More services back online following Hamilton’s cyber incident

More services have come back online after the City of Hamilton’s cyber incident earlier this year.

Most of them involve Hamilton’s transit service, which was one of the two biggest casualties of the breach.

“Next stop” announcements on onboard updates are back on Hamilton Street Railway buses, and real-time bus route information has returned through most third-party applications.

An internal system used by city staff for development, public health, transportation operations and the delivery of water and wastewater services has been restored as well.

The city has resumed processing nearly 1,000 online building permit applications, which stalled when the system was shut down in late February.

READ MORE: Cybersecurity incident has costed Hamilton $5.7M so far: impact report

Last month, Hamilton officials released a public cyber security impact report, which found the city had spent $5.7 million in costs related to the ransomware attack as of May 28.

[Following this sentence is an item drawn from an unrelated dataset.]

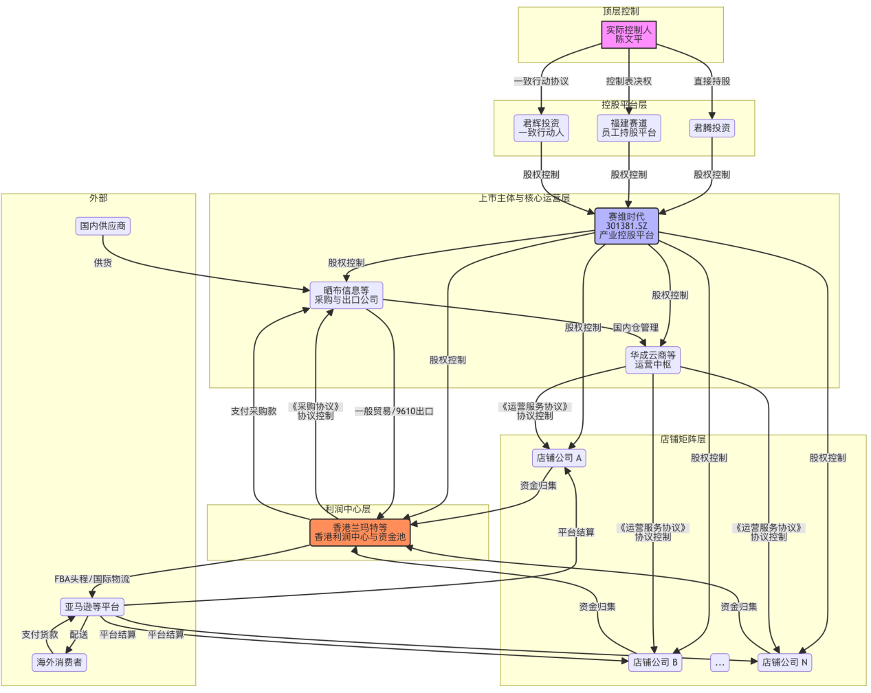(1)店铺公司:这是模式的前端触角。赛维时代设立了数百家(招股书披露为708家)子公司,每家子公司独立在亚马逊、eBay、Wish等第三方平台注册一个店铺。这些公司通常为“壳公司”,无实际经营场所与员工,其唯一职能就是持有店铺账号。这种“一地一司一店”的设计,旨在规避平台关于关联店铺的严格审查,将经营风险分散到各个独立的店铺主体。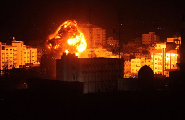 Οι ισραηλινές ένοπλες δυνάμεις σφυροκόπησαν στρατιωτικές αλλά και πολιτικές εγκαταστάσεις της Χαμάς στον θύλακα, σε αντίποινα για το πλήγμα ρουκέτας που κατέστρεψε οίκημα στο κεντρικό Ισραήλ, τραυματίζοντας επτά ανθρώπους.

According to the impact report, city staff will focus on recovery, restoration, rebuilding and transformation.

The hope is that moving forward, it will be able to not just recover what was lost, but build it back — better.

“This is a large-scale effort to build back stronger than ever,” City Manager Marnie Cluckie said. “Which means leading with a focus on the user experience, protecting against future incidents, and approaching everything through a lens of resilience.”

The city says its staff will begin to work on identifying applications that have reached their end-of-life cycle and calculate the associated costs, timelines and outcomes of replacing those technological avenues in future reports.